News media organisations in Australia operate under multiple AI-related frameworks. The Voluntary AI Safety Standard (Guardrail 6) provides guidance on informing end-users about AI-enabled decisions, AI interactions, and AI-generated content. Major Australian news organisations (ABC, SBS, Nine, Seven, News Corp Australia) have published their own AI use policies converging on common principles: human editorial responsibility for all published content; disclosure of material AI use; restrictions on AI-generated quotes attributed to real persons; and human review before publication. The News Media Bargaining Code and emerging copyright considerations around AI training data (referencing global cases including New York Times v OpenAI) add further complexity.

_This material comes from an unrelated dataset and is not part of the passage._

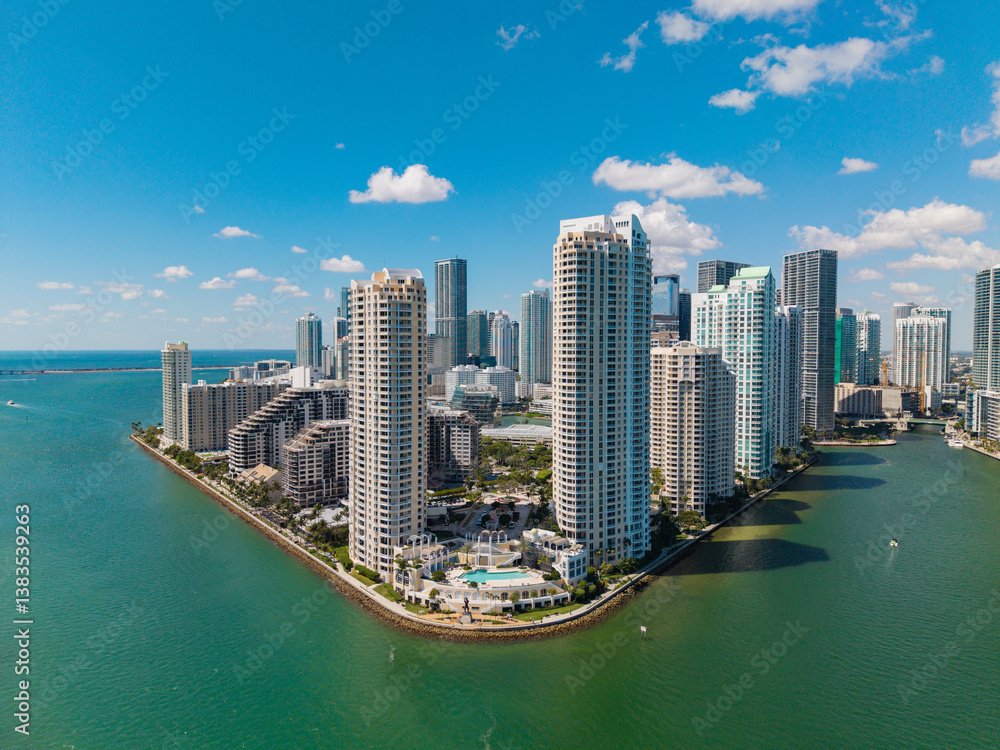 Miami city skyline view of Brickell key. Miami downtown. Skyscraper building. Cityscape building downtown. City architecture. Miami downtown skyline. Miami skyscraper cityscape

Telecommunications-specific AI considerations

Telecommunications carriers and CSPs have additional AI-specific considerations under the Telecommunications Act 1997, the Telecommunications (Consumer Protection and Service Standards) Act 1999, and ACMA codes. AI used in fraud detection on telco networks may process customer call patterns, message metadata, and usage data — requiring compliance with the Telecommunications (Interception and Access) Act 1979 in addition to Privacy Act obligations. AI used in customer service must comply with consumer protection codes including complaint handling obligations. AI used in network operations and security must comply with the Security of Critical Infrastructure Act 2018 (SOCI Act) where the carrier is designated critical infrastructure.

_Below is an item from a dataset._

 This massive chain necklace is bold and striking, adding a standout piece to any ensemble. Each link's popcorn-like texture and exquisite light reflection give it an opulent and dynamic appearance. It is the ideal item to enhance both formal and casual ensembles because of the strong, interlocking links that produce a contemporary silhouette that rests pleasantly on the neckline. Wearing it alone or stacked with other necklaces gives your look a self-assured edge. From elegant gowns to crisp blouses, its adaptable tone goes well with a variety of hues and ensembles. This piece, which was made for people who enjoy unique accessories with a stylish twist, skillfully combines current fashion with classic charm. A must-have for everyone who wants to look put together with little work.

Practical AI governance for telco/media organisations

Build an AI inventory mapped to the multiple regulators that have jurisdiction over your operations. For each AI system, identify which regulators have potential interest and which obligations apply. Build a privacy policy update plan for the ADM transparency obligation effective 10 December 2026 — start documenting the AI systems that will be in scope now. Run DPIAs/PIAs for material AI systems processing personal data; the OAIC expects these for high-risk AI deployments. Update industry code compliance documentation to address AI use. For services likely to be accessed by minors, audit against the Online Safety Act framework and any applicable industry codes. Track legislative developments — the unfair trading practices reforms, Social Media Minimum Age implementation, ACMA broadcasting code updates, and OAIC ADM transparency guidance are all in motion.